Angon.id terus bergerak tumbuh dan membesar bersama peternak rakyat, bersama-sama kami mencari solusi atas permasalahan peternakan yang sudah lama menjadi rahasia umum, seperti : tingginya modal untuk memulai usaha peternakan yang ideal, panjangnya rantai distribusi ternak, adanya oknum tengkulak yang merusak harga pasar, hingga gelombang gagal panen akibat hasil produksi peternakan kita tidak mampu bersaing harga dengan daging impor yg lebih murah dari pada daging lokal kita sendiri karena tingginya biaya produksi peternak lokal. Angon.id optimis melalui platfrom yang dikembangkanya ini mampu membawa Indonesia berdaulat atas industri peternakannya.

Dari pengalaman gagal panen akhir tahun 2018 Angon.id menjadi momentum kami untuk melakukan perbaikan Bisnis Model Validasi dengan meluncurkan aplikasi angon.id veri 2.0 pada tanggal 25 Agustus 2019 serta bermaksud mengajak masyarakat Indonesia untuk ikut berpartisipasi dalam gerakan "satu orang satu ternak" . Dimana melalui aplikasi angon.id kini masyarakat bisa beternak walau hanya dengan satu ekor saja, apa pun profesi pekerjaanya.

Angon.id telah mampu menghubungkan masyarakat secara langsung dengan mitra peternak rakyat dalam sentra peternakan rakyat berbasis smartfarm. Sehingga masyarakat kini bisa beternak secara online tanpa perlu mengeluarkan biaya mahal. Cukup dengan membeli hewan ternak dalam katalog angon.id dan membayar biaya penitipannya sesuai keinginan. Hingga kemudian hasil panennya bisa diambil sesuai dengan kebutuhan. Angon.id juga dapat mengantarkan hewan ternak secara hidup, ataupun daging siap olah, tak kalah penting lagi angon.id juga dapat membantu menjualkan hasil panen ternak tersebut kepada pihak ketiga (yaitu: pihak-pihak industri yang memerlukan hasil peternakan) sehingga tercipta ekosistem sentra peternakan rakyat yang terintegrasi dari hulu hingga hilir melalui gerakan ini.

Kelebihan beternak online melalui angon.id adalah dapat menekan biaya produksi karena dilakukan secara komunal dan akhirnya mendorong tercipta daging murah dimasyarakat. Bahkan sangat dimungkinkan sekali di era digital ini saat seorang pengusaha kuliner menggunakan aplikasi angon.id untuk mengurangi biaya operasional bahan baku dagingnya karena bisa mengambil daging dari hasil panen hewan ternak online miliknya sendiri. 

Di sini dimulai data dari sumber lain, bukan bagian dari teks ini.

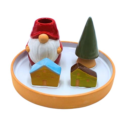 Ljushållare, ljustallrik, ljusstativ, dekorativ tallrik, stavljushållare, julljus, keramiktallrik med tomte, gran och hus av stengods, färgglad, L/B/H: 17 x 17 x 9 cm.
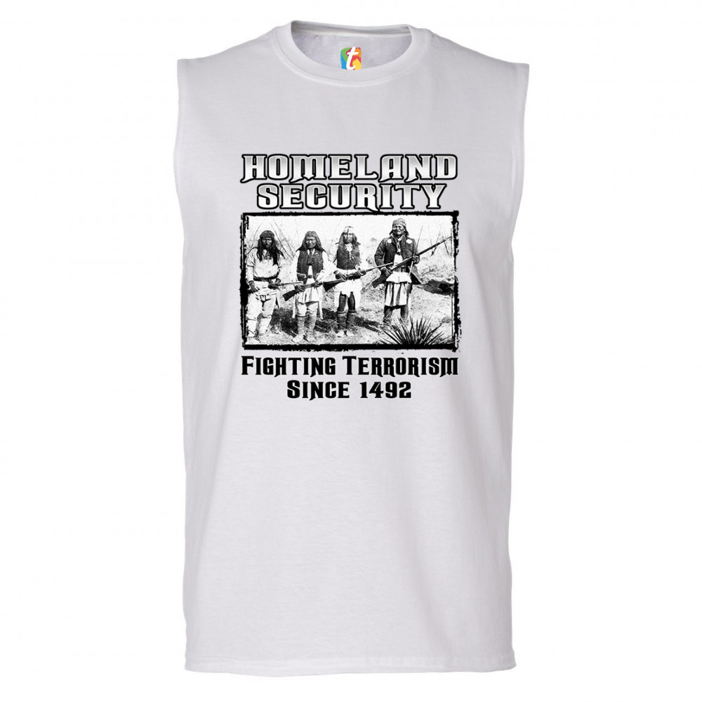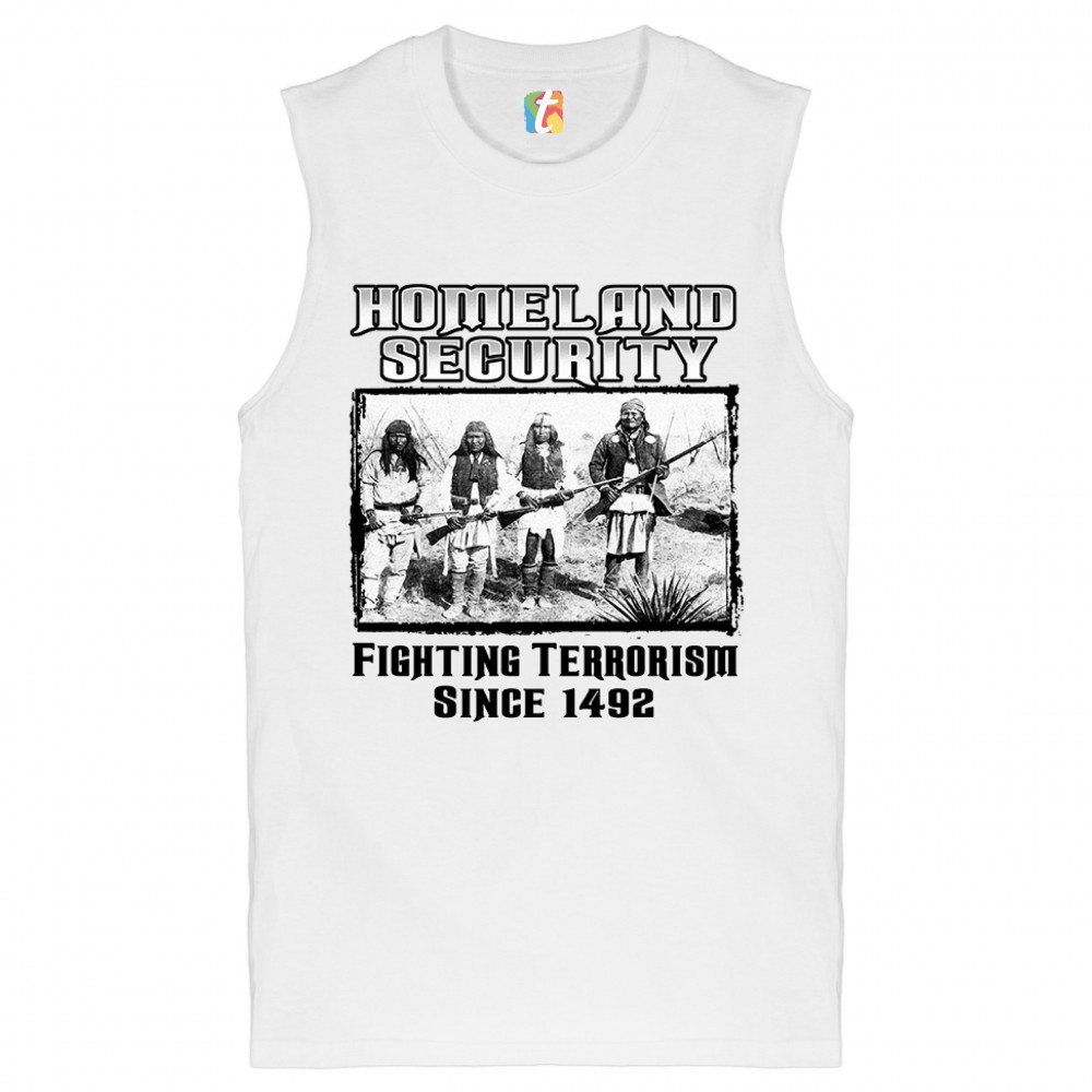 HOMELAND SECURITY muscle shirt native american indigenous patriotic men's white

Angon.id merupakan wujud nyata pengamalan sila ke 5 Pancasila atas "keadilan sosial" antara masyarakat kota dan desa. Dimana masyarakat desa mampu mendapatkan kesempatan yang sama memperoleh sejahteraan tanpa harus meninggalkan desanya. Dan masyarakat kota menjadi bersahaja tanpa harus menunggu pensiun dulu, lalu pergi ke desa baru mulai membangun. Sudah saatnya kita membangun desa dan kota secara bersamaan.

Sejahtera Desaku, Bersahaja kotaku, Jayalah Indonesiaku.